Атая вздрогнула и приподнялась:
— Надеюсь, ты не сердишься? Прости меня, я поступила, как дура.
Он приподнял брови и улыбнулся. Что-то произнес, из чего она разобрала только имя:
— Атая…
— Дима, — ответила девушка.
Он засмеялся.
Уклейка тоже улыбнулась, поцеловала его в живот, поднялась и пошла к реке. Ее пошатывало. Но теперь она знала — да, ради подобного и вправду стоит стараться.
Вода омыла прохладой, вернула бодрость — но не могла вернуть так нежданно завершившегося дня. Забрав с дерева одежду, Атая свернула к мужчине, протянула ему руку:
— Пойдем, Дима. Сегодня нам остается только спать.
Она первая забралась в нору, раздвинув распугивающие комаров и мошку веточки полыни, сбила кучнее сваленное у стены сено, провела сверху рукой, разравнивая, накинула сплетенную из липового лыка широкую мягкую дерюгу, сверху вторую и пояснила:
— Будет холодно, можно между ними забраться. А то и травой сверху завалить, тогда и вовсе даже зимой тепло.
Гость, конечно, ее не понимал — но не говорить с ним Атая не могла.
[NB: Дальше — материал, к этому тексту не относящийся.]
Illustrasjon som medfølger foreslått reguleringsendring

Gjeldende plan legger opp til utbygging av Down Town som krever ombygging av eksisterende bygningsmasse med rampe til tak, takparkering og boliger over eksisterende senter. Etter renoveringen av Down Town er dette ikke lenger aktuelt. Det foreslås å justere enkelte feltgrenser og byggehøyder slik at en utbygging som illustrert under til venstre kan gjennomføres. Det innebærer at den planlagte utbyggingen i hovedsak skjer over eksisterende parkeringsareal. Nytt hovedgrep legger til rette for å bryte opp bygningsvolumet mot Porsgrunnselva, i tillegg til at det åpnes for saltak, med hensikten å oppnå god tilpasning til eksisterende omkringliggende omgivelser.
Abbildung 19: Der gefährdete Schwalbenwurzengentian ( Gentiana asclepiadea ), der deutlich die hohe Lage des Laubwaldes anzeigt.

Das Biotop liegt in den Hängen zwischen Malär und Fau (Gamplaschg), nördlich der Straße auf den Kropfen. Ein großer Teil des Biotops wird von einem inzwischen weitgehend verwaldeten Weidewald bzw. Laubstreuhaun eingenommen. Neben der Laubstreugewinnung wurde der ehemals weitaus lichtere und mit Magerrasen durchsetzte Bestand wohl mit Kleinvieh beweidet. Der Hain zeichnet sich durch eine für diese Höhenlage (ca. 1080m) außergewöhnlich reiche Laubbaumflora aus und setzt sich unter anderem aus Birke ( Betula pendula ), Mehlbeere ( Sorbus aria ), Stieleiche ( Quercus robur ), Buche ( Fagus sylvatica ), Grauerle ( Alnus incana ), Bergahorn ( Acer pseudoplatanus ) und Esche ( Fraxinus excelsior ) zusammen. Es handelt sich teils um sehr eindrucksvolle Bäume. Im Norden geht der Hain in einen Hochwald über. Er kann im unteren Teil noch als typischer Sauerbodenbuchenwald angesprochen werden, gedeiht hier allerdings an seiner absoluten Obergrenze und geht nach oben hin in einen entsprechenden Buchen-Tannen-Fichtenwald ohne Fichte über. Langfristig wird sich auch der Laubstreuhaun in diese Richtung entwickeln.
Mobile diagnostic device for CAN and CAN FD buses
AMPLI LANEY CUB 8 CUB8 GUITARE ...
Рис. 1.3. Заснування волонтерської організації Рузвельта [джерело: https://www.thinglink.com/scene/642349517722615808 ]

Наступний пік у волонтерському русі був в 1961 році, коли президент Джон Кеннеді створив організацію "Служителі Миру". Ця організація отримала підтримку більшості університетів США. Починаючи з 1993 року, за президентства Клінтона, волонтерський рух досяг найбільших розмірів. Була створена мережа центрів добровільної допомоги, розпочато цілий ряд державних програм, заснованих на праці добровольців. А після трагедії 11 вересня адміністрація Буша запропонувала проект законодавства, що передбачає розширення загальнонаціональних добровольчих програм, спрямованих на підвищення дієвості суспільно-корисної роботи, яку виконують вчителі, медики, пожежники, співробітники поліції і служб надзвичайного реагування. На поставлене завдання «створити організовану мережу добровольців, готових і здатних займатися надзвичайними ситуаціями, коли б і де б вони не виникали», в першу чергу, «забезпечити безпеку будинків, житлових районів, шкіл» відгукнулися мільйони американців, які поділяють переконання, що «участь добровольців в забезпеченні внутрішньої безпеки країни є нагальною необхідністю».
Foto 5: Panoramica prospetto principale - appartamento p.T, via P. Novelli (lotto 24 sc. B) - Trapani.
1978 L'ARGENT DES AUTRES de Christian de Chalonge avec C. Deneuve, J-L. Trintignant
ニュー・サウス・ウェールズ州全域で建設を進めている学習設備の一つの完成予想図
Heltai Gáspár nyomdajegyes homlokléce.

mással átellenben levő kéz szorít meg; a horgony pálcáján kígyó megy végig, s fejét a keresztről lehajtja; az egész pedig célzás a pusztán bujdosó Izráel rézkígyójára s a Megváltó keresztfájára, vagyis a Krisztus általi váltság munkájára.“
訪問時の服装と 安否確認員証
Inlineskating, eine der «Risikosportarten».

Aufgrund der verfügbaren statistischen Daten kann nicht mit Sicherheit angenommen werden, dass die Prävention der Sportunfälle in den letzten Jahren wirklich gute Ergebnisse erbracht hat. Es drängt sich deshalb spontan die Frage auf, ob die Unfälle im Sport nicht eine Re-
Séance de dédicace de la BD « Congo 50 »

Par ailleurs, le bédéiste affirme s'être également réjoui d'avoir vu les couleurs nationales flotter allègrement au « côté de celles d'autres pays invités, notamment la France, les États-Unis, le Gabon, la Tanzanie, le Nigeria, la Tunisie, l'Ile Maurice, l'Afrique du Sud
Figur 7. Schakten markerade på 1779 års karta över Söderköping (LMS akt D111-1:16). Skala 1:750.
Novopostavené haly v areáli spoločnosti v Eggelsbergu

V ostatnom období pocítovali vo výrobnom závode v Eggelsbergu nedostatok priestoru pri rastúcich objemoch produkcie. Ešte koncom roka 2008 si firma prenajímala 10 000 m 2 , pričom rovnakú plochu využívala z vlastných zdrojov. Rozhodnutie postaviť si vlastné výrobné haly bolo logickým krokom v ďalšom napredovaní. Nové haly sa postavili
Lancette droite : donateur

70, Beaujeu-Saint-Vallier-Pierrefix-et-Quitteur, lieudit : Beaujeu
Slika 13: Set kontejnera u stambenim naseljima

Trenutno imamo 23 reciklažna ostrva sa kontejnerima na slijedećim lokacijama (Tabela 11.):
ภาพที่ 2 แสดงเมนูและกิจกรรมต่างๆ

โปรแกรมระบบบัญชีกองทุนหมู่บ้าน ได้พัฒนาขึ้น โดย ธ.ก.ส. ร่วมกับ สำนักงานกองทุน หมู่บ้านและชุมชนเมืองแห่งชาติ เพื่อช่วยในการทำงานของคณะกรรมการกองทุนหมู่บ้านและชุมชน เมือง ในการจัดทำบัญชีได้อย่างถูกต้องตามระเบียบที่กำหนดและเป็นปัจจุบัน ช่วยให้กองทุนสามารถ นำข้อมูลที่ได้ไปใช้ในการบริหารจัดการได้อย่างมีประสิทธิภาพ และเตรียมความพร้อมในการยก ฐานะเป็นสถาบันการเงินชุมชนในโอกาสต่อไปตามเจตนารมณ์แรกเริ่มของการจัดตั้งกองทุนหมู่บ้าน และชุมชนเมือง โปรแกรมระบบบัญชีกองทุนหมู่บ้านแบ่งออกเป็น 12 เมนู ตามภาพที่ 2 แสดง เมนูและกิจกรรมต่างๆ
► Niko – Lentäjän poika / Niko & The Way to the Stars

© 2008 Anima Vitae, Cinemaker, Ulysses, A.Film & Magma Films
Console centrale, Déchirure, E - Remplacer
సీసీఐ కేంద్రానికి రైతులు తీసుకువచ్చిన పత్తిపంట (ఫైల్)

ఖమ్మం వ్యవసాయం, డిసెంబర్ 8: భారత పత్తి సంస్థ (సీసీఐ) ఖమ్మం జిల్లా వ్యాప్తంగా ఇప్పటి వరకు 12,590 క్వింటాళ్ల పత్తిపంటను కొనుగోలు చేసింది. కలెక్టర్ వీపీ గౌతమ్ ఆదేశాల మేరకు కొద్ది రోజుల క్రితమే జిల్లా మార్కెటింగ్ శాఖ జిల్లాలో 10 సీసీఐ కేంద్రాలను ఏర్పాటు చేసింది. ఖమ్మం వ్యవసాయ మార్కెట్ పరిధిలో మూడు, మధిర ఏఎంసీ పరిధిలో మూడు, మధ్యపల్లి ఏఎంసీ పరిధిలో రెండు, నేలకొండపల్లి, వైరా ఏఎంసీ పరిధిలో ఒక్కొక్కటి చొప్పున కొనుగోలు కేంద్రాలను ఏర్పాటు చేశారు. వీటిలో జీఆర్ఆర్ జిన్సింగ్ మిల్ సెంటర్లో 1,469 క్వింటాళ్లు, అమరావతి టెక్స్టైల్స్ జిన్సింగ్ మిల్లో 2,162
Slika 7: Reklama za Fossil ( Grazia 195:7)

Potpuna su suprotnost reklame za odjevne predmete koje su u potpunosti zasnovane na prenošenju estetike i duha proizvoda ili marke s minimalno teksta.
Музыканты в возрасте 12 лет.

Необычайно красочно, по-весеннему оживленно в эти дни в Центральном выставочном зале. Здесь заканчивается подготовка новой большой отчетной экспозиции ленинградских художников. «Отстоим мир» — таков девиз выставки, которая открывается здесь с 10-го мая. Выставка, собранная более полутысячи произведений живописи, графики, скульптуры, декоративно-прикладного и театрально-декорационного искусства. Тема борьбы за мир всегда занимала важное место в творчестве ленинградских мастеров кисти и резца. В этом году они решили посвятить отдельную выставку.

Отложила тунику, упала на мягко просевшую постель. Дмитрий опустился рядом и стал целовать ее брови, глаза, щеки.
— Как, неужели опять? — удивилась она, забрасывая руки мужчине за шею, и счастливо рассмеялась…
Заснули они только глубоко-глубоко за полночь. Однако проснулся Дмитрий Полесов еще задолго до рассвета. Ничего не попишешь — проклятие разведчика погоды. Небо снаружи было ясным, звезды светили ярко, словно светодиоды с потолка в ночном клубе. Не как днем, но мир вокруг разобрать можно.
Капитан с минуту полюбовался разметавшейся на рогоже восхитительной куколкой, столь нежданно оказавшейся в его объятиях, потом осторожно отодвинулся, встал и выбрался наружу. Потер ноющий живот, привыкший к регулярному питанию, но за вчерашний день так и не получивший ни крошки, почесал в затылке и отправился к скучающему возле камня «НАЗу».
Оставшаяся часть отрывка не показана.